Failure of a single member of the Industrial Accident Board to report findings in sufficient detail to permit a determination of the question, whether correct principles of law had been applied to warranted findings of fact, became immaterial where a reviewing board, on evidence duly reported by the single member, made findings satisfying the requirements of the workmen's compensation act as to detail and definiteness.
Findings by a reviewing board under the workmen's compensation act that a claimant, an expert woodcutter, was hired by the alleged employer "to cut wood on a certain parcel of land at a contract price of $8 per cord; that the claimant furnished his own tools and could begin and stop work at any time he so desired . . . that he was not
under the control of anyone while doing this work . . . [and that]

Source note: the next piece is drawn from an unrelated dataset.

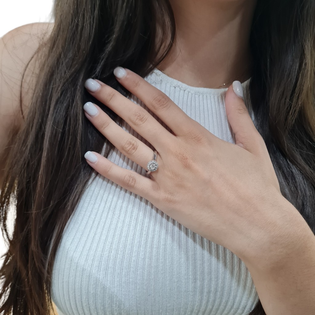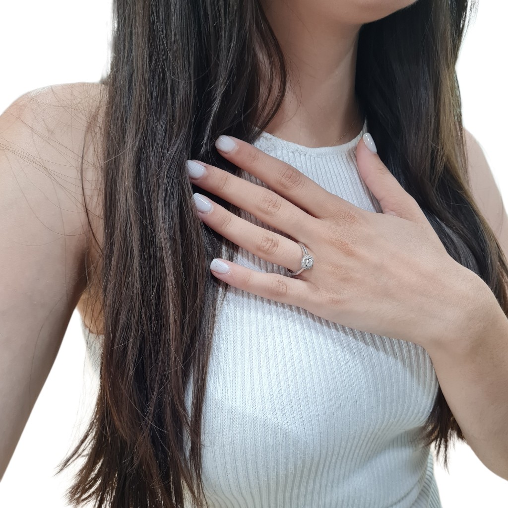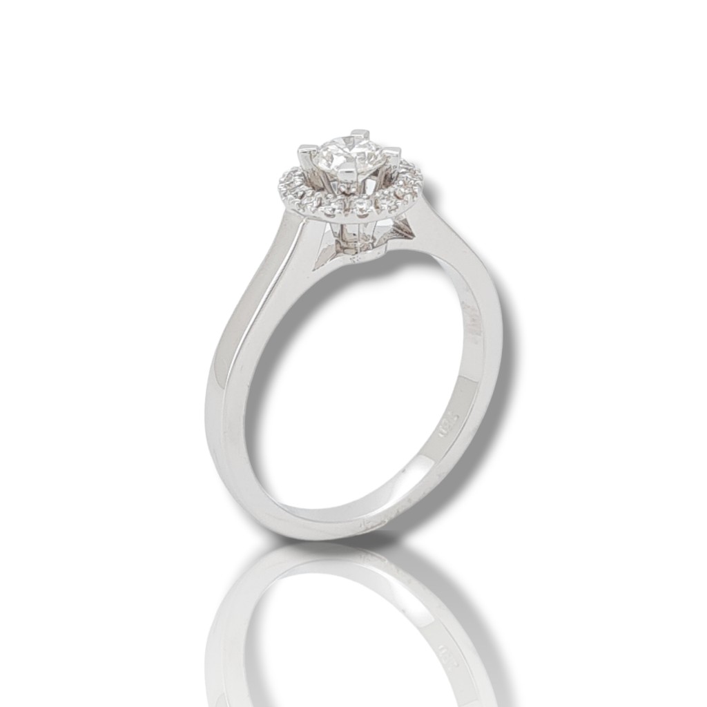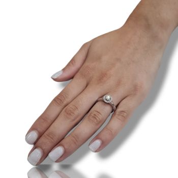"Chloe" Μονόπετρο δαχτυλίδι απο λευκόχρυσο κ18 με διαμάντι κεντρικό σε τέσσερα δόντια και μικρά διαμάντια γύρω απο την κεντρική πέτρα (code T2606)
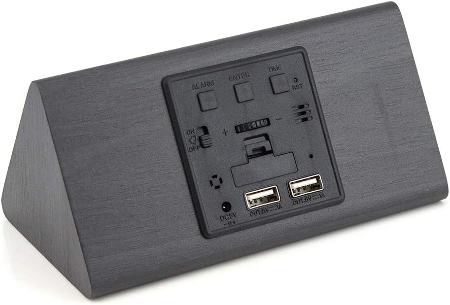 - MODERN & CONVENIENT DESIGN: Designed for simplicity and elegance. Made with premium quality black MDF medium density fiberboard material and white LED backlight display, this wooden alarm clock can perfectly fit in any modern designed home or office furniture. Portable and compact design, size approx. L6 x W3 x H3 inch. This minimalist multifunctional clock would be a great addition to any room.

therefore . . . the claimant was not an employee under the act, but an
independent contractor," satisfied the requirements of the act as to
detail and definiteness of findings by the board and, being warranted by
evidence reported by a single member, required dismissal of the claim.
CERTIFICATION to the Superior Court of a decision by the Industrial Accident Board dismissing a claim under the workmen's compensation act.
In the Superior Court, the case was heard by Goldberg, J.
J. E. Hannigan, for the claimant.
A. F. Smith, for the insurer.
SPALDING, J. The claimant, an itinerant woodcutter, was injured while working on a wood lot owned by the Sharon Box Company. He was required to prove, as one of the elements of his right to compensation, that he was an employee. G. L. (Ter. Ed.) c. 152, Sections 1 (4), 26, as amended. Sluzis's Case, 292 Mass. 351 , 355. The single member made a categorical finding that the claimant was not an employee but an independent contractor, [Note 1] and dismissed the claim for compensation. The reviewing board after adopting the finding and decision of the single member found "that the claimant, an expert woodcutter, was hired by Mr. Rhodes, the owner of the Sharon Box Company, to cut wood on a certain parcel of land at a contract price of $8 per cord; that the claimant furnished his own tools and could begin and stop work at any time he so desired, . . . that he was not under the control of anyone while doing this work . . . [and that] therefore . . . the claimant was not an employee under the act, but an independent contractor." The claim for compensation was dismissed, and this decision was affirmed by a decree of the Superior Court from which the claimant appeals. The record as required by the act (Section 8) contains a statement of all the evidence before the single member.
It is argued by the claimant that the finding of the single member was too general to enable this court to determine its correctness and that therefore we must look to the report
of the evidence to determine whether no reasonable inference could be drawn to the contrary. See Judkins's Case, 315 Mass. 226 , 228; Rozek's Case, 294 Mass. 205 , 206, 207. He further argues that this defect was not cured by the findings of the reviewing board. If the only finding were that of the single member, there would be merit in this contention. Such a finding would not satisfy the statutory requirement of "findings of fact." G. L. (Ter. Ed.) c. 152, Section 8. Rozek's Case, 294 Mass. 205 . Demetrius's Case, 304 Mass. 285 , 286-287. Belezarian's Case, 307 Mass. 557 , 560. But the findings and decision of the reviewing board entirely superseded the decision of the single member, which thereafter became of no importance. Di Clavio's Case, 293 Mass. 259 , 261. Filosa's Case, 295 Mass. 592 , 595. The reviewing board had the duty of making such specific and definite findings upon the evidence reported as would enable this court to determine whether the general finding should stand. Mathewson's Case, 227 Mass. 470 , 473. Roney's Case, 316 Mass. 732 , 734-735, and cases cited. In Roney's Case we said, at page 735, "The purpose of subsidiary findings is to preserve to the parties the right of review of questions of law involved in an ultimate finding, by enabling the reviewing court . . ., which can review only questions of law, to determine whether such ultimate finding was based upon correct principles of law." The findings of the reviewing board in the case before us, although brief, in our opinion satisfy this requirement. Di Clavio's Case, 293 Mass. 259 . See Cahill's Case, 295 Mass. 538 , 539. The findings here contain more than those held to be insufficient in Judkins's Case, 315 Mass. 226 , Craddock's Case, 310 Mass. 116 , and Demetrius's Case, 304 Mass. 285 .
The decision of the reviewing board is to stand unless it is unsupported by the evidence, including all rational inferences that the testimony permitted. Sawyer's Case, 315 Mass. 75 , 76. Borstel's Case, 307 Mass. 24 , 25-26. Rich's Case, 301 Mass. 545 , 547. We have examined the evidence and are satisfied that it amply warrants the findings of the reviewing board. No useful purpose would be served in reciting this evidence. The principles applicable in determining
whether one is an employee or an independent contractor are fully discussed in McDermott's Case, 283 Mass. 74 , and need not be repeated. The reviewing board correctly applied them in the case at bar.
[Note 1] This was the only finding made by the single member. -- REPORTER.